◆ **Source material**

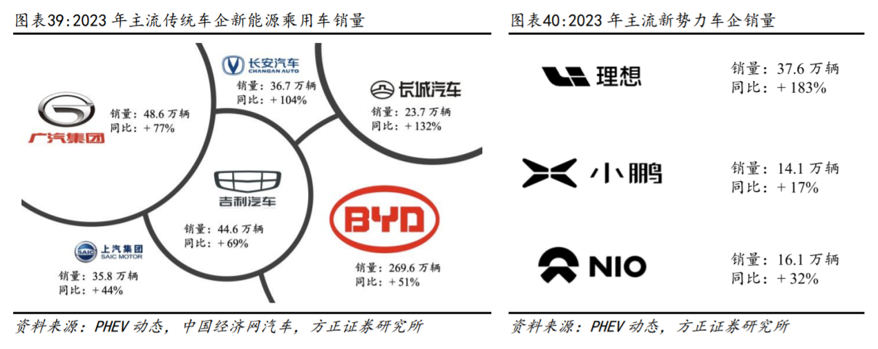 复盘公司国内主要客户的销量数据可以看到,各厂商均实现不同程度的增长。传统厂商方面,2023年比亚迪以近270万辆的销量领跑,同比增长51%,稳居第一梯队,广汽、长安、长城均实现70%以上的同比增长,分别销售48/37/24万辆。
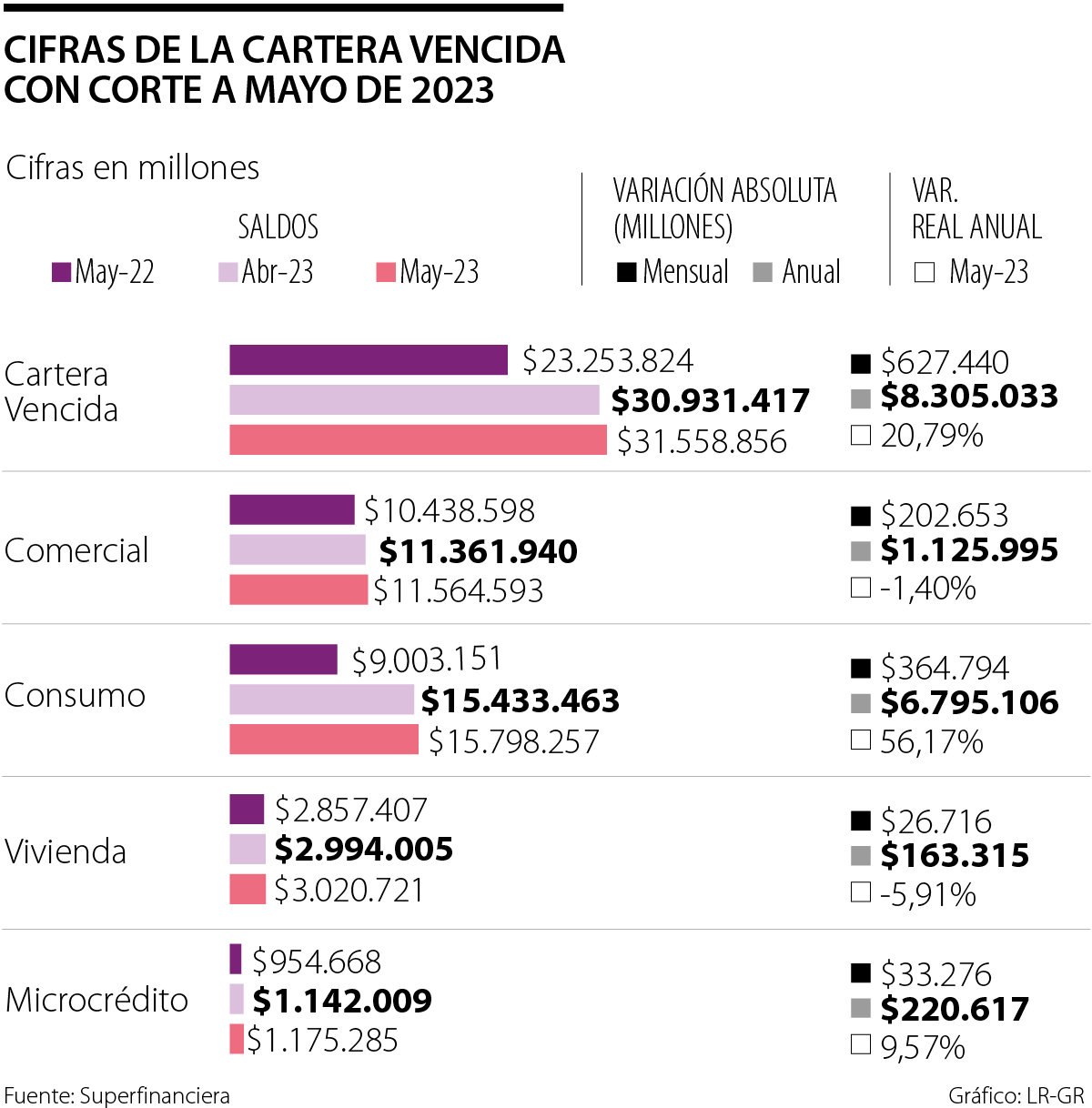 La cartera vencida, en general, para mayo de 2023, quedó en $31,5 billones, y para el mismo mes del año pasado estaba en $23,2 billones, lo que representa un incremento de 20,79% en un año.
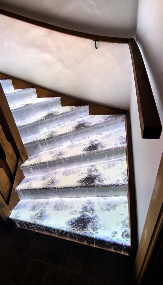 Les glaces ne sont plus éternelles. Celles des glaciers de montagnes partout dans le monde disparaissent à vue d’œil tout comme celles des banquises. D’un côté les scientifiques s’alarment de la fonte des glaces et avertissent des conséquences néfastes à venir très rapidement, de l’autre les gouvernements et les entreprises ouvrent de nouvelles voies d’exploitations, de nouvelles routes commerciales à travers les banquises, et le pôle Nord fait de nouveau l’objet d’enjeux géostratégiques à hautes tensions. Alors que l’on voit un monde disparaitre, la fonte des glaces n’est pas sans effet délétère sur les écosystèmes, on s’empresse déjà d’en conquérir les ruines… On sait aussi le rôle prépondérant que jouent les banquises sur les équilibres climatiques, notamment sur la circulation océanique. La diminution de ses vastes langues glacées amènera indéniablement son lot de catastrophe qui viendront s’ajouter à celles en cours.. Tout se passe comme si nos sociétés, lancées dans une course effrénée aux profits et à l’abondance pour quelques uns et à l’exploitation et à la servitude pour une grande majorité, avaient, probablement inconsciemment, décidées de leurs fins, de leurs effacements, de leurs disparitions. Ainsi les fondations sur lesquelles elles reposent semblent se désagréger. Elles fondent comme neige au soleil. Je pense aussi au roman de science fiction de Isaac Asimov : FONDATION. Je ne peux m’empêcher d’espérer qu’une science, comme celle de la psychohistoire, qui prédisait dans l’œuvre la chute de l’Empire au 25 millions de mondes habités, et qui pouvait réduire par ses prédictions la longue période de barbarie qui immanquablement suivrait, évaluée à 30 000 ans à seulement 1000 ans, en regroupant toutes les connaissances et les savoir de l’humanité, puisse nous sortir de l’impasse dans laquelle nous nous enfermons. C’est là un rêve d’enfant, il va sans dire. Je m’amuse ici à confronter ses rêveries à la dureté d’une réalité où les représentations du désastre en cours en seraient publicitaires, comme si l’on essayait de nous vendre en même temps un monde rêvé et sa fin brutale. J’imagine le contexte de cette œuvre comme si elle était installée dans une grotte, ou une caverne. Comme si elle se référait à la mise en scène de l’allégorie de la caverne de Platon. Comment fonder une réflexion épistémologique sur les origines de la connaissance et comment en tirer le meilleur parti – celui d’une humanité dégagée de son Hybris.
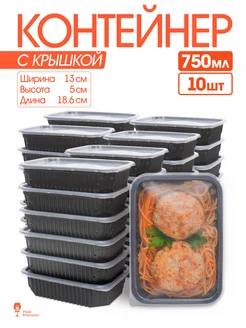 Контейнеры одноразовые с крышкой для еды 750 мл 10 штук

◆ **Exercise objective**
Starting with the first line of the data above and ending with the line containing "La cartera vencida, en", please restate every line exactly, leaving images out.

◆ **Result of the exercise**
 复盘公司国内主要客户的销量数据可以看到,各厂商均实现不同程度的增长。传统厂商方面,2023年比亚迪以近270万辆的销量领跑,同比增长51%,稳居第一梯队,广汽、长安、长城均实现70%以上的同比增长,分别销售48/37/24万辆。
 La cartera vencida, en general, para mayo de 2023, quedó en $31,5 billones, y para el mismo mes del año pasado estaba en $23,2 billones, lo que representa un incremento de 20,79% en un año.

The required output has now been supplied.